START Supplied data

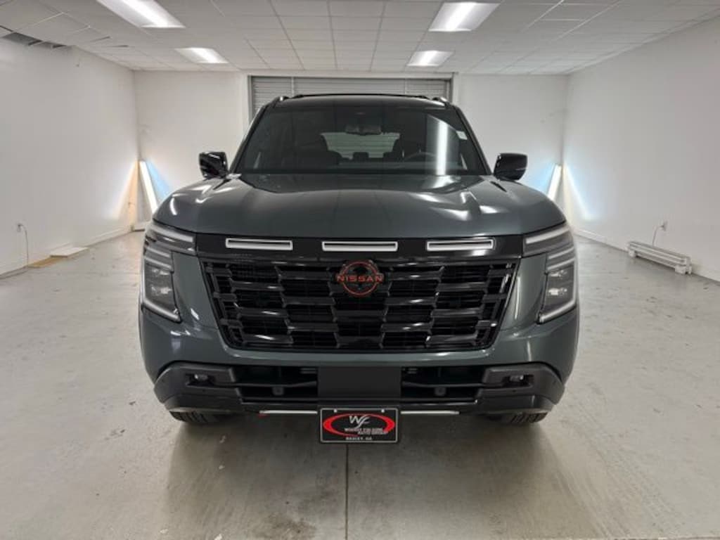 Alpine 2026 Nissan Armada PRO-4X 4WD 9-Speed Automatic 3.5L DOHC 4WD, 12 Speakers, 3rd row seats: split-bench, 4-Wheel Disc Brakes, ABS brakes, Adaptive suspension, Air Conditioning, Alloy wheels, AM/FM radio: SiriusXM w/360L, Anti-whiplash front head restraints, Apple CarPlay/Android Auto, Auto High-beam Headlights, Auto tilt-away steering wheel, Auto-dimming door mirrors, Auto-dimming Rear-View mirror, Auto-leveling suspension, Automatic temperature control, Brake assist, Bumpers: body-color, Compass, Delay-off headlights, Driver door bin, Driver vanity mirror, Dual front impact airbags, Dual front side impact airbags, Electronic Stability Control, Emergency communication system: NissanConnect Services, Four wheel independent suspension, Front anti-roll bar, Front Bucket Seats, Front Center Armrest, Front dual zone A/C, Front fog lights, Front reading lights, Front Tow Hooks, Fully automatic headlights, Garage door transmitter: myQ Connected Garage, Genuine wood dashboard insert, Heated door mirrors, Heated Front Bucket Seats, Heated front seats, Heated steering wheel, HVAC memory, Illuminated entry, Knee airbag, Leather steering wheel, Low tire pressure warning, Memory seat, Navigation system: Google Maps, Occupant sensing airbag, Outside temperature display, Overhead airbag, Overhead console, Panic alarm, Passenger door bin, Passenger vanity mirror, Power door mirrors, Power driver seat, Power Liftgate, Power passenger seat, Power steering, Power windows, Premium Paint and 2-Tone Roof, Pro-4x Leather Quilted Insert Seat Trim, Radio: NissanConnect with SiriusXM 360L, Rain sensing wipers, Rear air conditioning, Rear anti-roll bar, Rear reading lights, Rear seat center armrest, Rear window defroster, Rear window wiper, Reclining 3rd row seat, Remote keyless entry, Security system, Speed control, Speed-sensing steering, Speed-Sensitive Wipers, Split folding rear seat, Spoiler, Steering wheel memory, Steering wheel mounted audio controls, Tachometer, Telescoping steering wheel, Tilt steering wheel, Traction control, Trip computer, Turn signal indicator mirrors, Variably intermittent wipers, Voltmeter, Wheels: 20" x 8.5J Painted PRO-4X Alloy, 4WD.
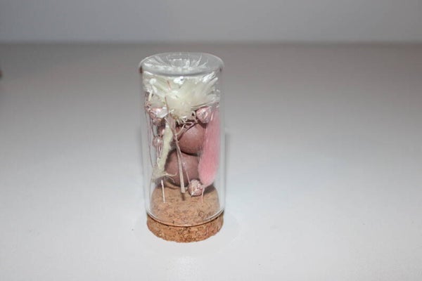 Glazen buisje met kurken stop uitgewerkt in roze
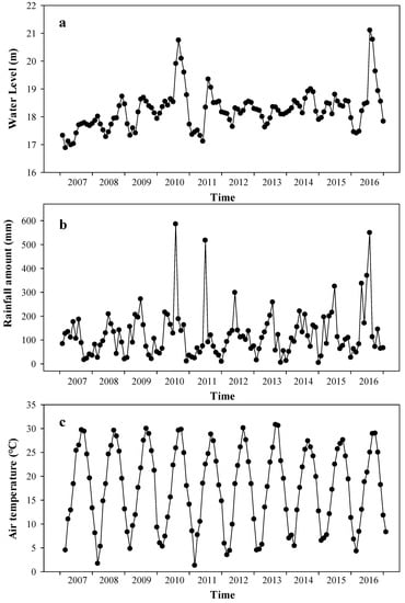 Variation in (a) monthly mean water levels, (b) monthly rainfall amounts, and (c) monthly mean air temperature in Lake Liangzi from 2007 to 2016.
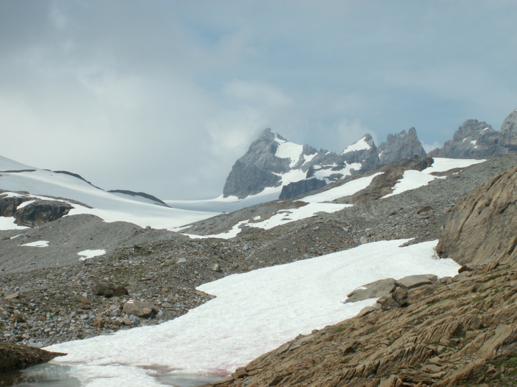 Blick zurück zum wolkenverhangenem Tödi Datum 22.07.2009
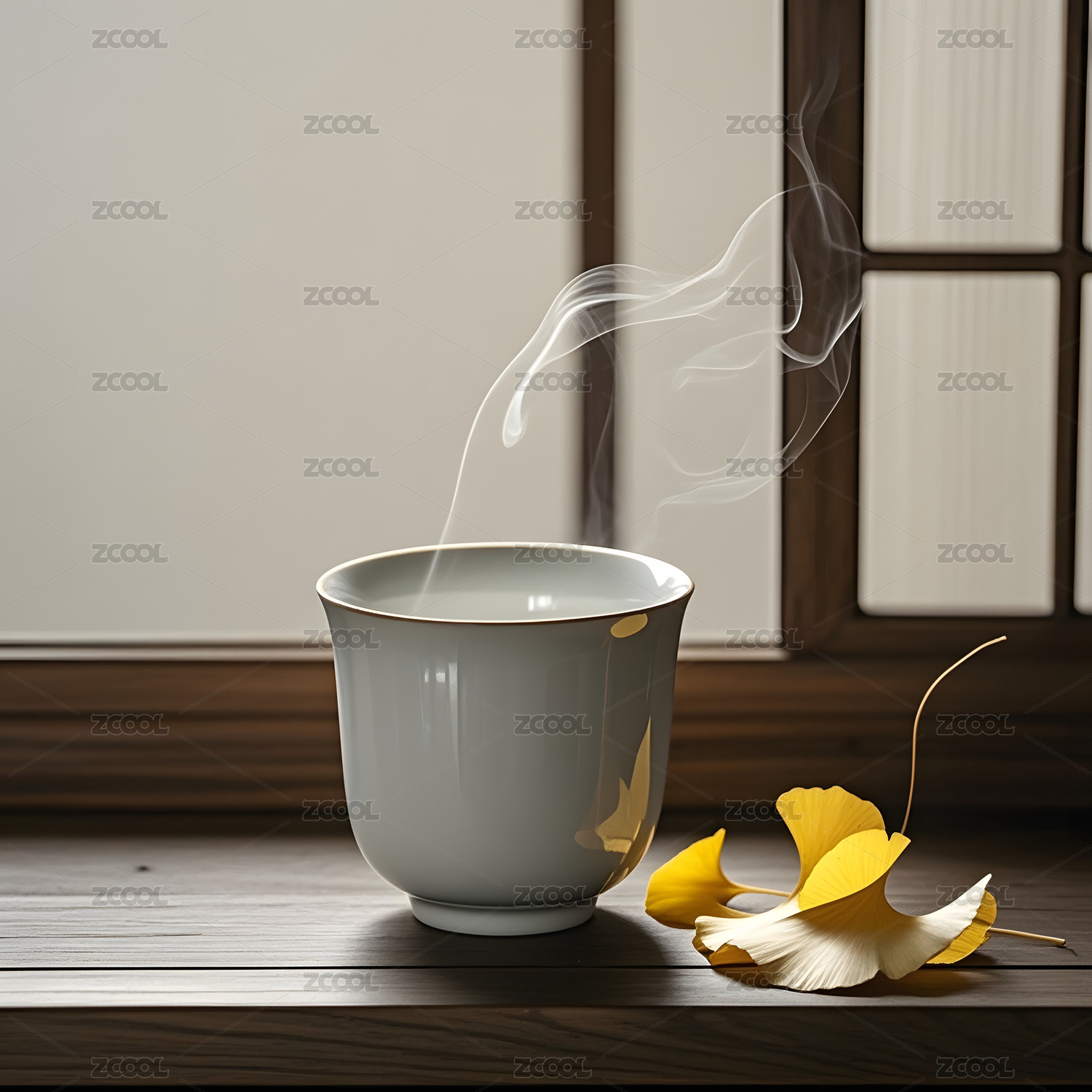 窗台茶杯与银杏叶图

END Supplied data

Exercise instructions – When you reach the line that contains "Variation in (a)" in the records above, copy it and every line after it exactly through the last one, leaving out the pictures.

Problem solution –
 Variation in (a) monthly mean water levels, (b) monthly rainfall amounts, and (c) monthly mean air temperature in Lake Liangzi from 2007 to 2016.
 Blick zurück zum wolkenverhangenem Tödi Datum 22.07.2009
 窗台茶杯与银杏叶图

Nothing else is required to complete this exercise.